13. What two types of cells are found in a pollen grain?
There is at least one sperm cell, and there is a tube nucleus.
14. Typically, how many cells are in an embryo sac? How many of them get fertilized?
Typically, there are seven cells in an embryo sac. Remember, the megaspore undergoes mitosis three times to make eight nuclei. Then, the cell segments into six small cells and one large cell that has two nuclei. Two of these cells get fertilized.
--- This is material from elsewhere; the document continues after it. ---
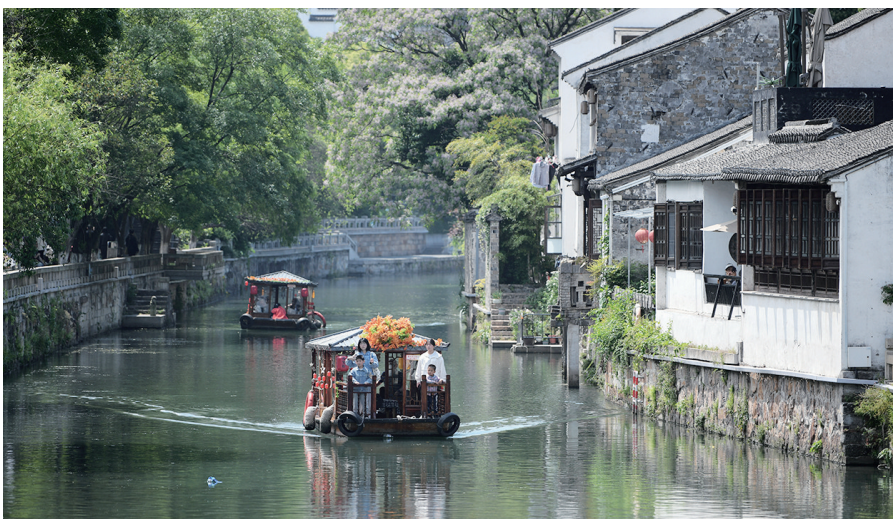
水乡 史康 摄

One becomes the zygote, and one becomes the endosperm.
15. Identify the structures in the figure
a. stigma

b. style

c. ovary

d. ovule

e. sepal

f. anther

g. filament

h. petal

i. receptacle

j. pedicel
16. What structure is composed of parts a, b, and c from the drawing above?
Parts a, b, and c make up the carpel.
17. What structure is composed of parts f and g from the drawing above?
Parts f and g make up the stamen.
18. What is the difference between pollination and fertilization?
Pollination is simply the transfer of pollen from an anther to a stigma, while fertilization is the act of the sperms fusing with the egg and the large central nucleus in the embryo sac. You can use the terms "stamen" and "carpel" instead of "anther" and "stigma," but the latter are more precise.
19. How many sperm cells are used in plant fertilization?
???? There was no answer in the study guide key.
20. Where does the endosperm come from? What is its purpose?
The endosperm comes from the fertilization of the large, two-nucleus cell that is at the center of the embryo sac. It provides nutrition for the developing embryo.
21. The cotyledon or cotyledons help provide food for the plant before and often after germination. How do cotyledons accomplish each task?
Cotyledons either absorb the endosperm or aid in the transfer of nutrients from the endosperm to the embryo. This is how cotyledons provide a plant with nutrition before germination. After germination, they often perform the first photosynthesis in the plant.
22. Name the three basic parts of the plant embryo and what each gives rise to in germination.
The three basic parts are the radicle, the hypocotyl, and the epicotyl. The radicle becomes the root, the hypocotyl the stem, and the epicotyl gives rise to the first true leaves of the plant.
23. What is the purpose of a fruit?
A fruit allows for the dispersal of seeds to places away from the parent.
24. Name at least three ways in which pollen is transferred from the stamens of one flower to the carpel of another.
There are many possible answers. The student needs at least three:
25. Why are cotyledons sometimes called "seed leaves?"
They form leaf-life structures if they end up rising above ground with the seedling. They often even carry out photosynthesis for a while.